Dr. Kenneth Zucker, who brings that message, was summarily dismissed after 30 years as director of the gender identity clinic in Toronto at the Centre for Addiction and Mental Health, because his views deviated so egregiously with the prevailing accepted view that children's voice on the matter should be accepted. But he has not been silenced, and continues to voice his opinion despite the anger that voice is drawing from the LGBT community. Several studies suggest that autism and gender dysphoria co-occur more frequently than can be attributed to chance in adolescents. 
 
A child with autism looks out a window at the Xining Orphan and Disabled Children Welfare Center, in China.
A child with autism looks out a window at the Xining Orphan and Disabled Children Welfare Centre, China. The Atlantic
A ground-breaking study led by Dr. John Strang of the Children's National Health System in Washington, D.C. two years ago, discovered variance in gender to be eight times commoner in children with autism spectrum disorder, and seven times more likely to occur in children with ADHD. Although the conclusion may to some seem clear enough, the reason, is not. Autism, it has been noted, is described as "social blindness", and children are uninhibited by social expectations, leading to their unaware state of avoidance resulting in impulsive behaviour.

Dr. Zucker's theory leads to his belief that traits so common in autism of "fixating" could be responsible in influencing children to believe that are the wrong sex. While he was director of the Toronto clinic, an external review came to the conclusion that some of his practices were not "in step with the latest thinking", with his published research suggesting that 80 percent of children treated for gender dysphoria see that condition lifting by the time they reach high school, when they finally accept their "assigned-at-birth" gender.
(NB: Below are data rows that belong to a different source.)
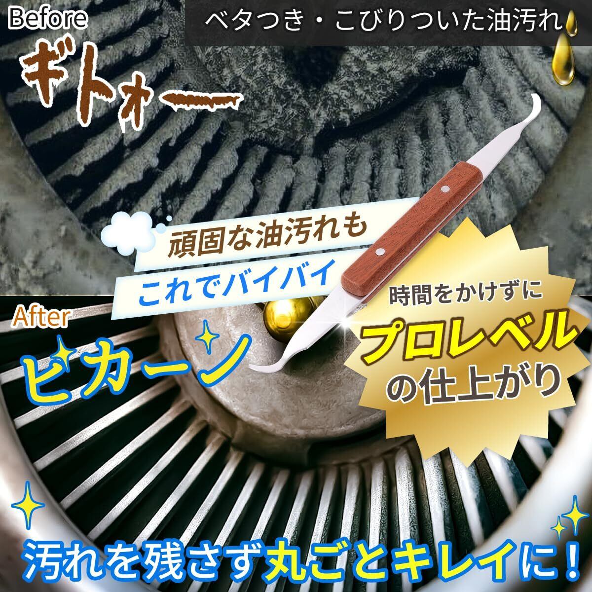 【頑固な油汚れも時短でしっかり除去】ベタついた油やホコリが固着した汚れも、専用形状のヘラで効率的に削ぎ落とせます。水やペーパーを併用することで、さらに汚れが落ちやすくなるため、ひどい汚れにはぜひ合わせてご使用ください。落としにくい汚れも短時間でスッキリ。掃除の負担を大きく軽減できます。
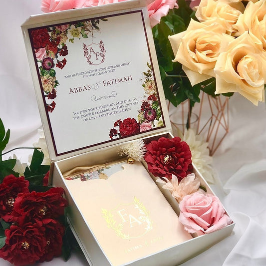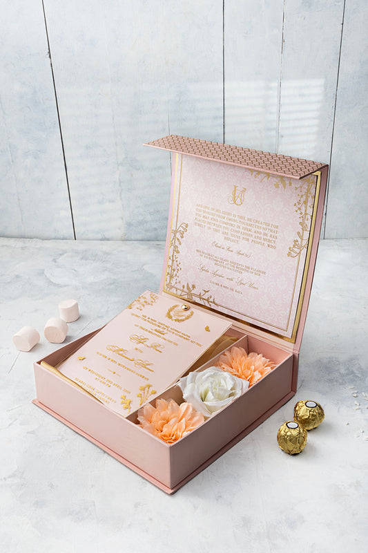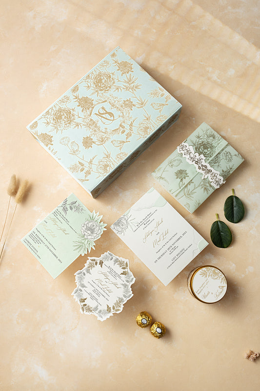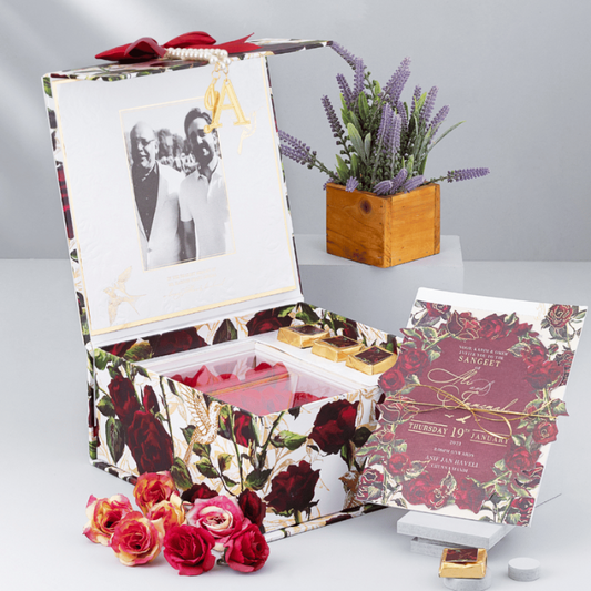 Choose our modern and Indian-themed boxed invitations to make a statement with your event announcements. Let the beauty of tradition and the allure of contemporary design come together to create an invitation suite that perfectly represents your celebration.
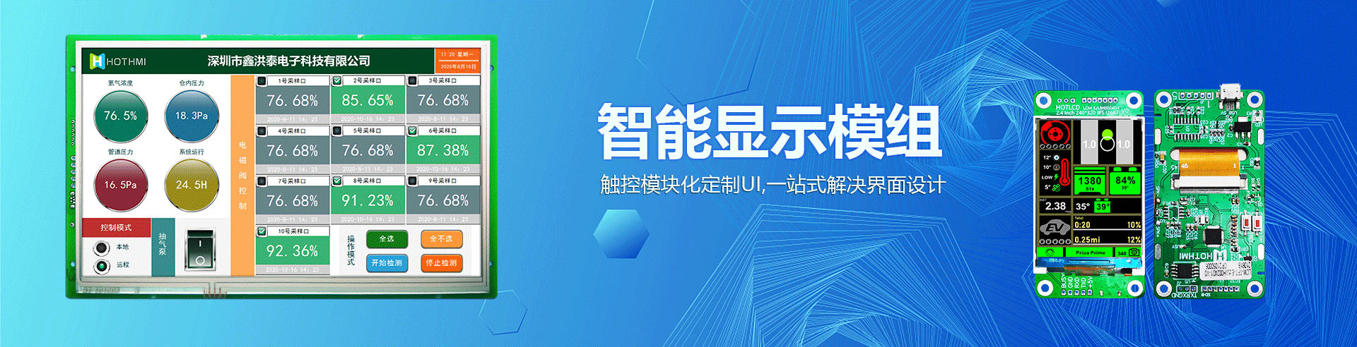 鑫洪泰EzUI系列智能液晶顯示模塊,即:E(easy容易的)、z(zero零代碼)、UI(用戶界面)。 EzUILet 系列模塊最大的特色為使用簡便、功能豐富,用戶對其使用可簡可繁。用戶可以使用界面開發(fā)工具軟件(EzUITool)進(jìn)行人機(jī)界面的設(shè)計(jì)、編輯、控件配置、響應(yīng)設(shè)置等,將工具軟件生成的資源文件復(fù)制到 EzUILet 系列模塊之中,便可達(dá)成所需人機(jī)交互界面的設(shè)計(jì)制作,而無需用戶單片機(jī)或其它控制器的編程控制。而為滿足有特殊要求的用戶,EzUILet 系列模塊還保留有大部分顯示控制指令,以便于用戶可以更自由的對模塊顯示進(jìn)行控制。 EzUILet系列與 EzUI 系列:EzUILet系列模塊由 EzUI 系列模塊衍生,也屬于 EzUI 系列模塊;相對EzUI 系列模塊,EzUILet系列精簡了部分控件的屬性,并且將模塊 USB 設(shè)備接口改為虛擬串口,資源文件的寫入方式與原 EzUI 系列不同;EzUILet 系列模塊還將資源存儲器的容量降低,使之更合理,可靠性更好。EzUILet系列當(dāng)中的無觸摸版本需要用戶 MCU發(fā)送按鍵消息,并由這些按鍵消息觸發(fā)模塊內(nèi)部 GUI系統(tǒng)的事件,這點(diǎn)與帶觸摸的 EzUI 系列模塊是最大的不同之處。EzUILet 系列模塊的 GUI 系統(tǒng)當(dāng)中各個控件的命名仍使用 EzUI 系列模塊的命名。
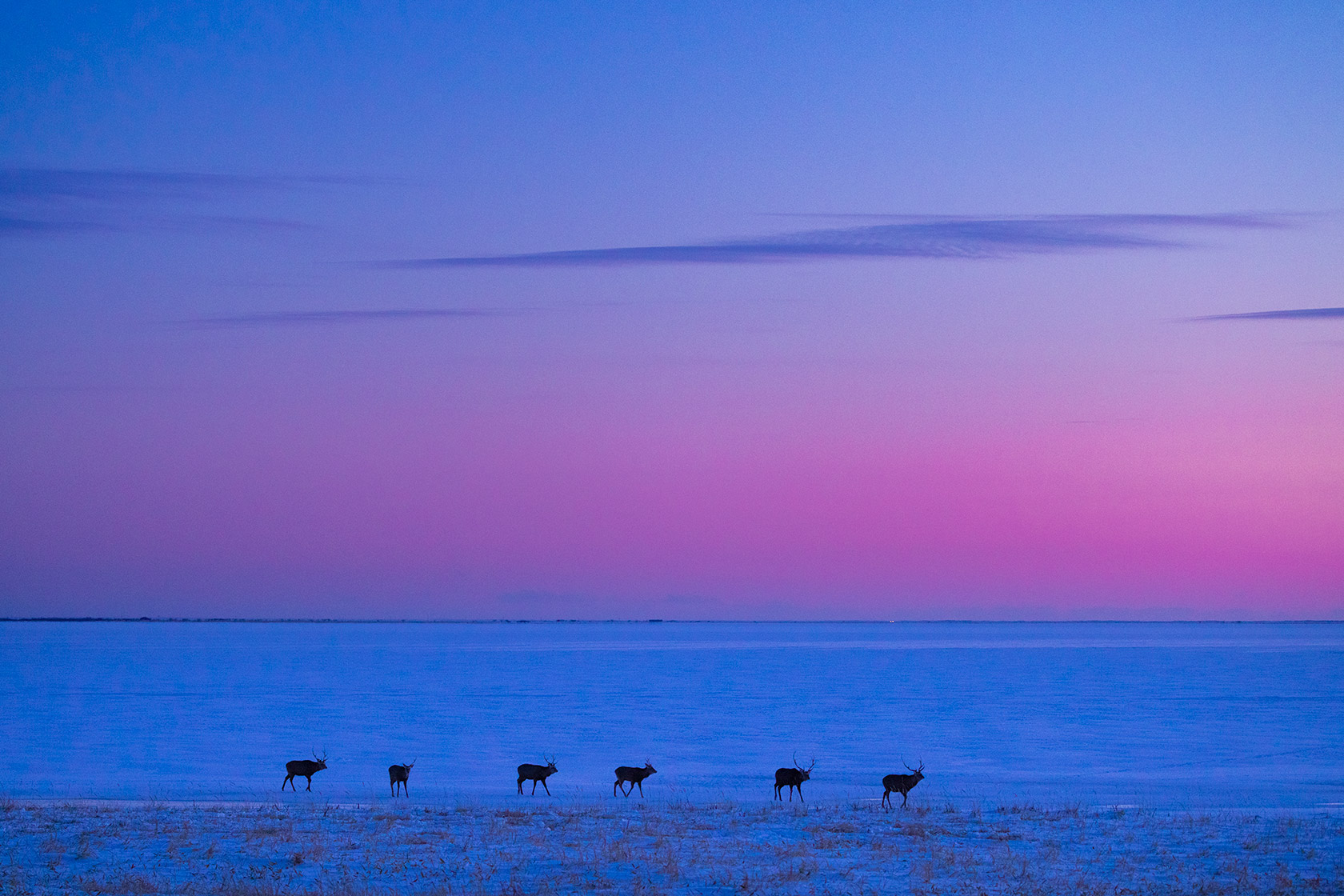 野付湾は、内海ゆえ浅瀬が続き、冬場には全体が凍結。夕暮れの活動期になると森に隠れていたエゾシカたちが列をなし、様々な場所へと凍結した海面を移動。日没やマジックアワーのタイミングは絶好のシャッターチャンスです。
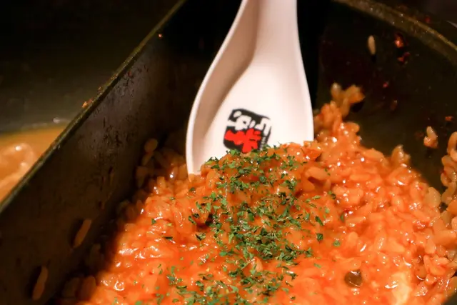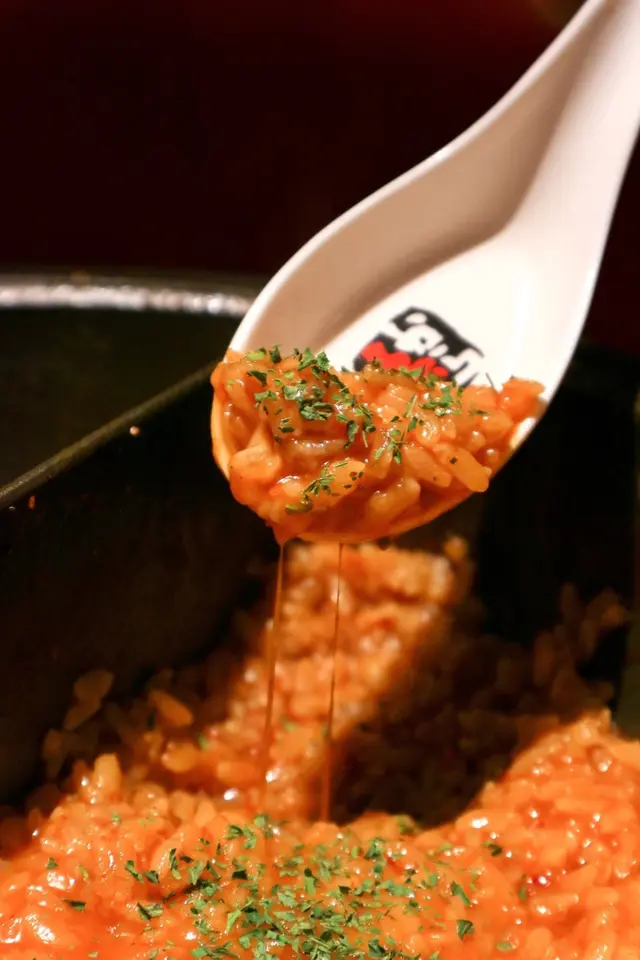 燉飯充滿了赤味噌的香氣與辣度,還有濃郁起司搭配,一口接一口停不下來,爽辣鹹香的獨特香氣,非常滿足且飽足。
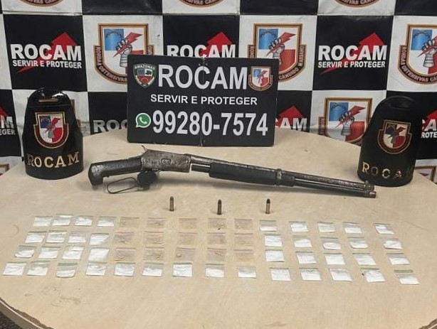 Em ações nas zonas leste e oeste, policiais militares da Rocam apreenderam três armas de fogo, sendo dois revólveres, um de calibre 22 e outro 38, e um rifle calibre 38. Além das armas, também foram apreendidas sete munições, 86 porções de drogas, entre cocaína, oxi e maconha, uma réplica de arma (simulacro) e uma balança de precisão.
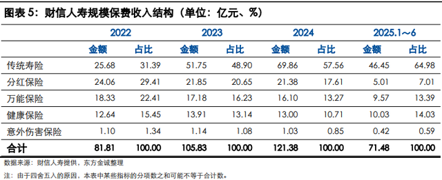 在保险业务上,财信人寿经营传统寿险、分红险、健康险、意外险和万能险等,近年来业务重心明显向传统寿险倾斜。根据东方金诚发布的评级报告,财信人寿传统寿险保费收入由2022年的25.68亿元增至2024年的69.86亿元,占比也由31.39%升至57.56%,2025年上半年传统寿险保费占比进一步升至64.98%。
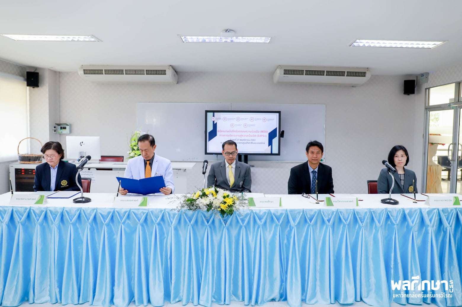 การลงนามบันทึกข้อตกลงความร่วมมือเครือข่ายพัฒนาคุณภาพการศึกษา ระหว่างคณะของมหาวิทยาลัยศรีนครินทรวิโรฒ ได้แก่ คณะพลศึกษา คณะแพทยศาสตร์ คณะพยาบาลศาสตร์ คณะวิศวกรรมศาสตร์ คณะกายภาพบำบัด เพื่อเป็นการแลกเปลี่ยนและเปรียบเทียบข้อมูลร่วมกัน ส่งเสริมการพัฒนา เพื่อนำไปสู่ความเป็นเลิศ เมื่อวันที่ 27 พฤศจิกายน 2562 ณ ห้องประชุม 301 อาคารศูนย์กีฬาสิรินธร องครักษ์
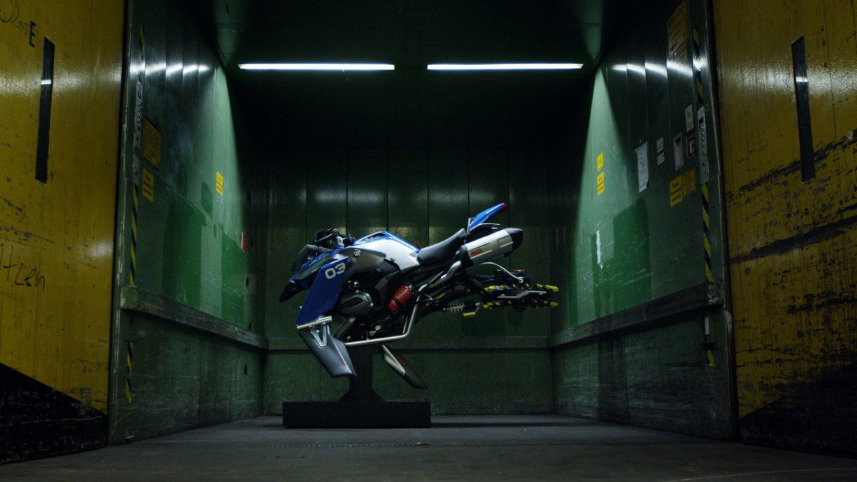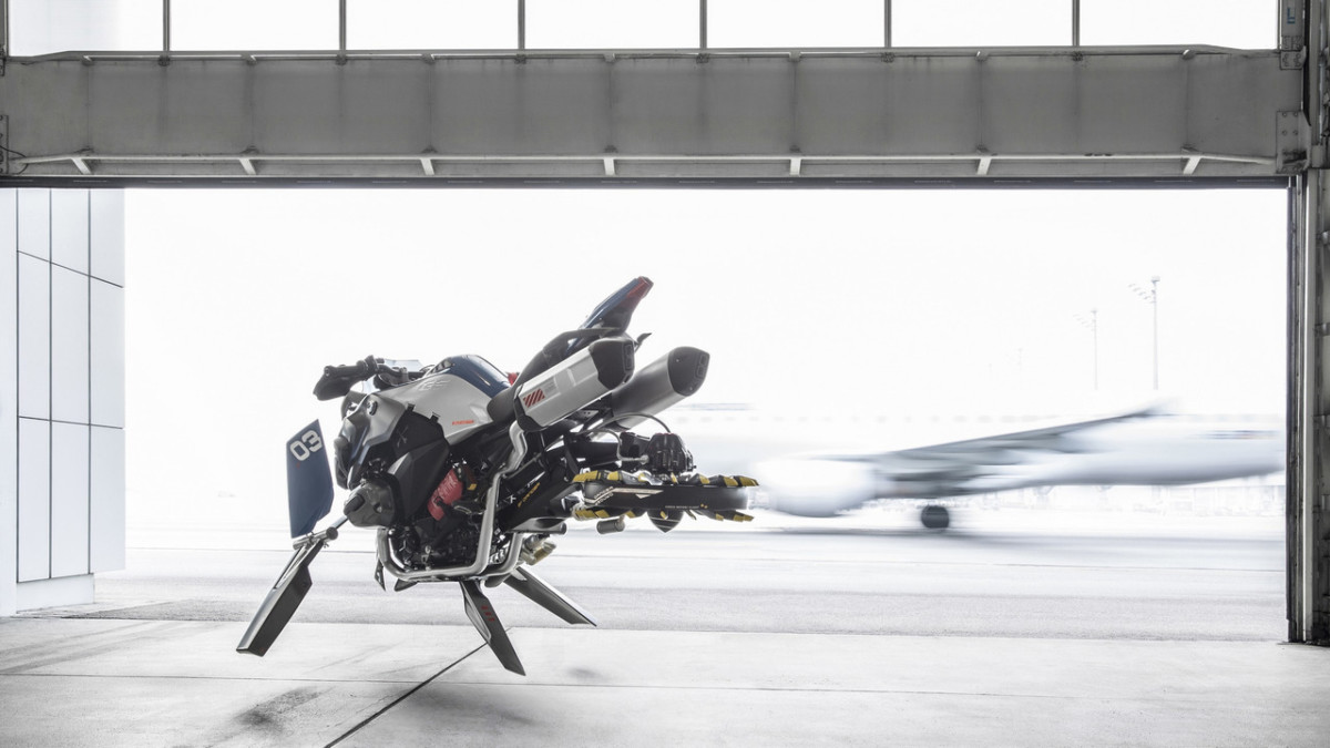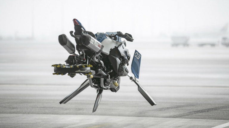 Двигатель БМВ приводит в движение специальный пропеллер в нижней части мотоцикла. Он образует разрежение под байком и создает эффект воздушной подушки, что и позволяет ему парить над землей.

Children on the autism spectrum are over-represented at his gender diversity clinic, feels Dr. Stephen Feder, co-director of the Children's Hospital of Eastern Ontario. "Our approach is still affirmative. But we perhaps take a bit more time to make sure that we get to know the kid as well as we possibly can. It doesn't change the overall approach. I think we're just even more vigilant about making sure we're responding to the appropriate needs of the kid. The issue of obsessiveness certainly comes up", said Dr. Feder.

However, he points out, when asked about their feeling of gender with obsessions of the past, adolescents "really identify it as quite different. This is not about interests. It's about how they see themselves. At the end of the day, we feel it's inappropriate to turn around and say, well if you're autistic , that probably explains your gender. The risk is that people will say, aha, that explains it And I think we want to move away from that."